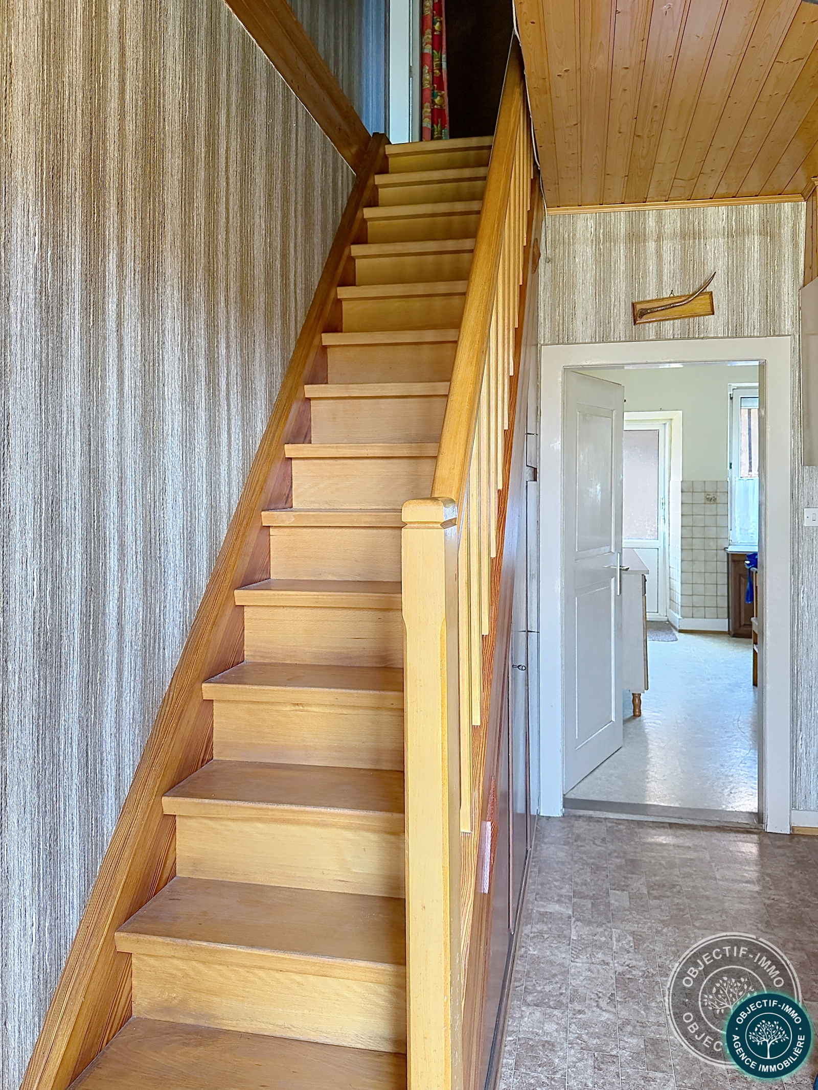 Au rez-de-chaussée : une entrée, un salon-séjour, une cuisine, une chambre ainsi qu’une salle de bains.
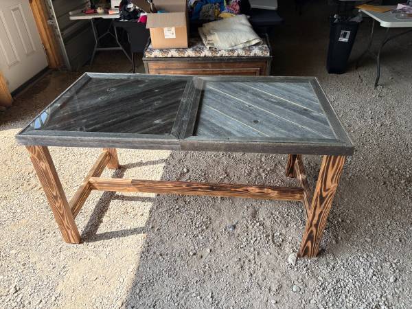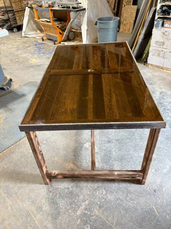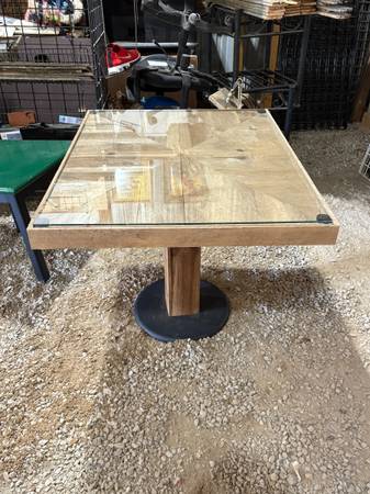 Second is a regular barnwood table with a clear glass on top. Legs are made of 2x4's that were burnt and sealed. You can ad pictures or small knick knacks under the glass.
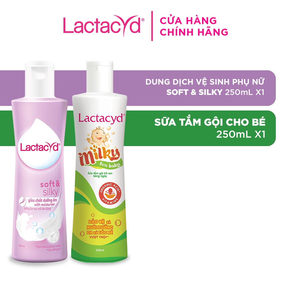 Giới thiệu Bộ Dung Dịch Vệ Sinh Phụ Nữ Lactacyd Soft & Silky Dưỡng Ẩm 250ml + Lactacyd Milky Bảo Vệ, Nuôi Dưỡng Da và Tóc Bé 250ml
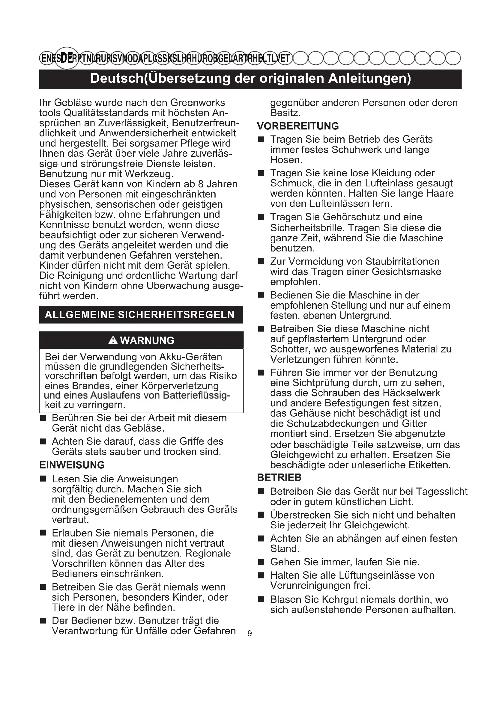 EN ES IT FR PT NL RU FI SV NO DA PL CS SK SL HR HU RO BG EL AR TR HE LT LV ET Ihr Gebläse wurde nach den Greenworks tools Qualitätsstandards mit höchsten An- sprüchen an Zuverlässigkeit, Benutzerfreun- dlichkeit und Anwendersicherheit entwickelt und hergestellt. Bei sorgsamer Pflege wird Ihnen das Gerät über viele Jahre zuverläs- sige und strörungsfreie Dienste leisten. Benutzung nur mit Werkzeug. Dieses Gerät kann von Kindern ab 8 Jahren und von Personen mit eingeschränkten physischen, sensorischen oder geistigen Fähigkeiten bzw. ohne Erfahrungen und Kenntnisse benutzt werden, wenn diese beaufsichtigt oder zur sicheren Verwend- ung des Geräts angeleitet werden und die damit verbundenen Gefahren verstehen. Kinder dürfen nicht mit dem Gerät spielen. Die Reinigung und ordentliche Wartung darf nicht von Kindern ohne Uberwachung ausge- führt werden. ALLGEMEINE SICHERHEITSREGELN WARNUNG Bei der Verwendung von Akku-Geräten müssen die grundlegenden Sicherheits- vorschriften befolgt werden, um das Risiko eines Brandes, einer Körperverletzung keit zu verringern. Berühren Sie bei der Arbeit mit diesem Gerät nicht das Gebläse. Achten Sie darauf, dass die Griffe des Geräts stets sauber und trocken sind. EINWEISUNG Lesen Sie die Anweisungen sorgfältig durch. Machen Sie sich mit den Bedienelementen und dem ordnungsgemäßen Gebrauch des Geräts vertraut. Erlauben Sie niemals Personen, die mit diesen Anweisungen nicht vertraut sind, das Gerät zu benutzen. Regionale Vorschriften können das Alter des Bedieners einschränken. Betreiben Sie das Gerät niemals wenn sich Personen, besonders Kinder, oder Tiere in der Nähe befinden. Der Bediener bzw. Benutzer trägt die Verantwortung für Unfälle oder Gefahren gegenüber anderen Personen oder deren Besitz. VORBEREITUNG Tragen Sie beim Betrieb des Geräts immer festes Schuhwerk und lange Hosen. Tragen Sie keine lose Kleidung oder Schmuck, die in den Lufteinlass gesaugt werden könnten. Halten Sie lange Haare von den Lufteinlässen fern. Tragen Sie Gehörschutz und eine Sicherheitsbrille. Tragen Sie diese die ganze Zeit, während Sie die Maschine benutzen. Zur Vermeidung von Staubirritationen wird das Tragen einer Gesichtsmaske empfohlen. Bedienen Sie die Maschine in der empfohlenen Stellung und nur auf einem festen, ebenen Untergrund. Betreiben Sie diese Maschine nicht auf gepflastertem Untergrund oder Schotter, wo ausgeworfenes Material zu Verletzungen führen könnte. Führen Sie immer vor der Benutzung eine Sichtprüfung durch, um zu sehen, dass die Schrauben des Häckselwerk und andere Befestigungen fest sitzen, das Gehäuse nicht beschädigt ist und die Schutzabdeckungen und Gitter montiert sind. Ersetzen Sie abgenutzte oder beschädigte Teile satzweise, um das Gleichgewicht zu erhalten. Ersetzen Sie beschädigte oder unleserliche Etiketten. BETRIEB Betreiben Sie das Gerät nur bei Tagesslicht oder in gutem künstlichen Licht. Überstrecken Sie sich nicht und behalten Sie jederzeit Ihr Gleichgewicht. Achten Sie an abhängen auf einen festen Stand. Gehen Sie immer, laufen Sie nie. Halten Sie alle Lüftungseinlässe von Verunreinigungen frei. Blasen Sie Kehrgut niemals dorthin, wo sich außenstehende Personen aufhalten.10 Deutsch(Übersetzung der originalen Anleitungen)
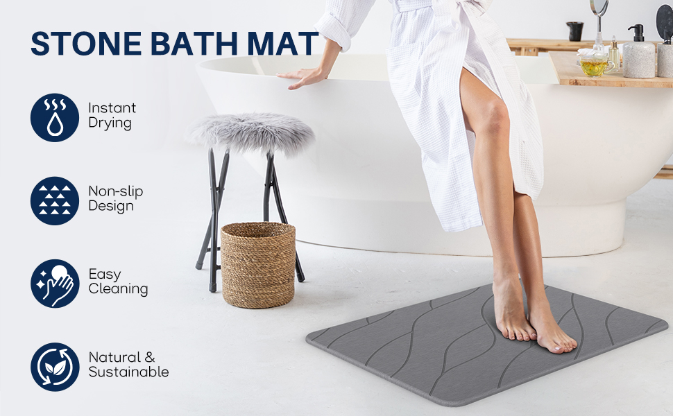 Natural porous structure of diatomaceous earth itself makes it super absorbent, when you contact stone bath mats for bathroom, the water will immediately disperse, absorb and evaporate,making your feet feeling dry immediately. Our Quick drying bathroom stone mats won't allow water to stagnate or accumulate in wet spots, so you can keep your bathroom dry and hygienic at all times.
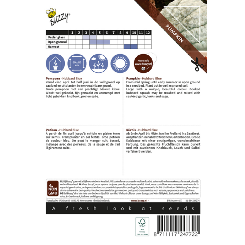 Charakteristika: Tekvica ´HUBBARD BLUE´ je odroda pochádzajúca z Ameriky. Plody majú zvrásnený a ryhovaný povrch a sivomodrú farbu. Dužina je oranžová, príjemne sladká vhodná na pečenie a ďalšie tepelné spracovanie. Hmotnosť zrelých plodov sa pohybuje okolo 5–8 kg. Je výborne skladovateľná.

_Required action_. Please output the listing above exactly from its first line through the line with "Giới thiệu Bộ", both included, and nothing beyond that line. Omit pictures.

_Worked solution_.
 Au rez-de-chaussée : une entrée, un salon-séjour, une cuisine, une chambre ainsi qu’une salle de bains.
 Second is a regular barnwood table with a clear glass on top. Legs are made of 2x4's that were burnt and sealed. You can ad pictures or small knick knacks under the glass.
 Giới thiệu Bộ Dung Dịch Vệ Sinh Phụ Nữ Lactacyd Soft & Silky Dưỡng Ẩm 250ml + Lactacyd Milky Bảo Vệ, Nuôi Dưỡng Da và Tóc Bé 250ml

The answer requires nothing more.